В 1939 году Шура с Александром Романовичем пригласили Федора в Актюбинск, чтобы он продолжил учебу в 9-10-ом классах. Федор приехал и стал учиться во 2-й школе, она существует до сих пор. Из преподавателей запомнился учитель математики, ссыльный профессор из Ленин-града. Он подавал сухие математические формулы так ярко, красочно, что Федор влюбился в математику. Возможно, поэтому после войны Федор окончил физико-математический факультет актюбинского учительского института.

Среди учителей особенно выделялась учительница немецкого языка. На первый урок она, высокая и худая, вошла в класс с  папироской в длинном мундштуке, попыхивая табачным дымом, заявила:

; Это первый и последний урок, когда я говорю с вами  на русском. Далее на моих уроках, и вообще в стенах школы, вы будете говорить со мной только по-немецки. Я с вас с живых не слезу.

Ее побаивались и любили, а она гнула свою линию и довольно успешно. На фронте Федору приходилось раз-другой заменять переводчика, вполне справился, а пока он учился.

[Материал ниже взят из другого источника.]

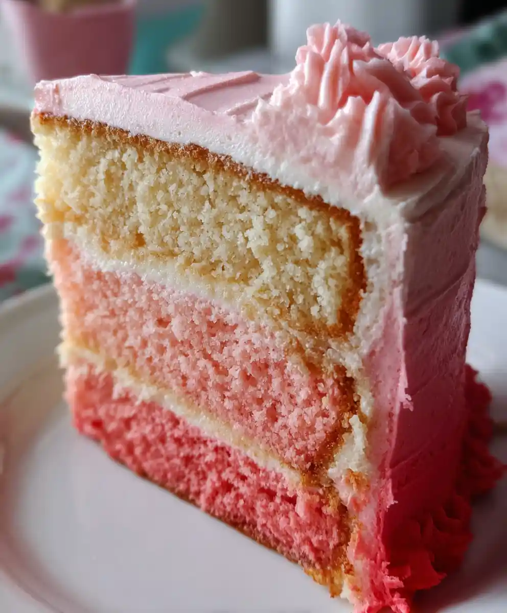 10. Assemble & Decorate: Level the cooled cake layers if needed using a serrated knife. Frost the first cake layer with the lightest pink buttercream. Place the second layer on top, and frost with the medium pink. Then, use the darkest pink for the top and sides, blending gently for a beautiful strawberry ombre effect. The finished vanilla cake recipe with strawberry ombre buttercream will look stunning.

Вместе с Федором приехала его двоюродная сестра Надя, так и жили вчетвером. Алек-сандр Романович работал директором актюбинского Маслопрома, Шура работала акушеркой, так что не бедствовали. В начале декабря Александр Романович купил быка на мясо. Бык был как слон, хоть и не самый крупный, мяса хватило с избытком на всю зиму. Днем Федор крутил фарш на мясорубке, редкий инструмент по тем  временам, вечером приходил с работы Александр Романович и делал тесто. Затем лепили пельмени. Каждый день. Позже, на фронте, Федору не верили, что можно было вот так, каждый день, пельмени.
 
 В Балыксе в доме было деревянное корытце, в него резали мелко мясо, и затем секли сечкой, той же, что и капусту для засолки. От усердия хозяйки фарш получался или тонкий, или грубый. Однажды Федор видел, как фарш делают алтайцы, аборигены. Молодые девки жевали кусочки мяса, и эту пережеванную массу сплевывали в большую миску, а другие девки лепили пельмени. В тот раз Федору удалось увернуться от такого угощения.

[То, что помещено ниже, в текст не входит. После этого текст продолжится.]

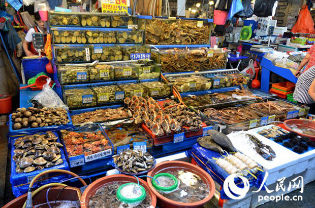 鷺粱津水產市場是韓國最大的水產品批發市場,已有80多年的經營歷史。市場內有830多家店鋪,出售貝類、螃蟹、海參等各種水產品,整個市場彌漫著大海的氣息。市場最大的亮點要數在凌晨舉行的競價活動了。據說,人們為了買到最新鮮的海產品,都會早早地來到市場,做好競價準備,競爭是非常激烈的!在市場購買完海鮮之后,直接在附近的飯店加工烹飪,即刻就可以品嘗到最新鮮的美味了。

В конце двадцатых, до коллективизации, он как-то побывал в Бийске с отцом. Там пель-менные были, как говорится, на каждом углу. Молоденькие девки лепили мелкие пельмени, как из пулемета, продавались они сотнями по вполне доступной цене.
До революции отец Федора, Никон Иванович, батрачил. Сейчас трудно понять, хорошо он жил или плохо. Как-то один год он отработал у богатого крестьянина в селе Сайдып, что на другом берегу реки Бии, за десять рублей и новые хромовые сапоги. На хозяйских харчах.

Из книги Гиляровского «Москва и москвичи» знаем, что сытный обед в Обжорном ряду стоил пять копеек, причем на второе подавалось немного гарнира и гора мяса. Корова в цен-тральной России, не самом богатом месте России, в начале 20-го века стоила 12-15 рублей. На Алтае, богатейшем своими пастбищами крае, где трава скрывает всадника на коне, и того меньше.

Зимой Никон вместе с хозяином валил лес и по зимнику везли в село. Хозяин сам любил поесть и батраков кормил вдоволь. Когда наступил Великий пост, Никон попросил готовить ему еду согласно церковным канонам, так велела его мать Ульяна, набожная женщина. Хозяин только ухмыльнулся, однако велел жене готовить для Никона отдельно. Через несколько дней Никон почувствовал, что слабеет и не может угнаться за хозяином, который старше более чем вдвое. Наплевав на веление матери, Никон перешел на скоромную пищу.

Когда управились с лесоповалом, хозяин отпустил Никона на побывку домой. Едва пере-ступив порог, Никон наткнулся на строгий взгляд отца.
; Что, Никишка, небось мясо трескал, вона какую морду отъел, того и гляди лопнет – это в Великий то пост?

Никон только растерянно развел руками:
; Трескал, тятя, трескал. А что делать?
; Ну и правильно, ; засмеялся отец. ; Ну их к бесу этих попов. Им кусок всегда принесут, а нам самим о себе заботиться надо, а без здоровья никак. Лес валить, ; это не кадилом махать.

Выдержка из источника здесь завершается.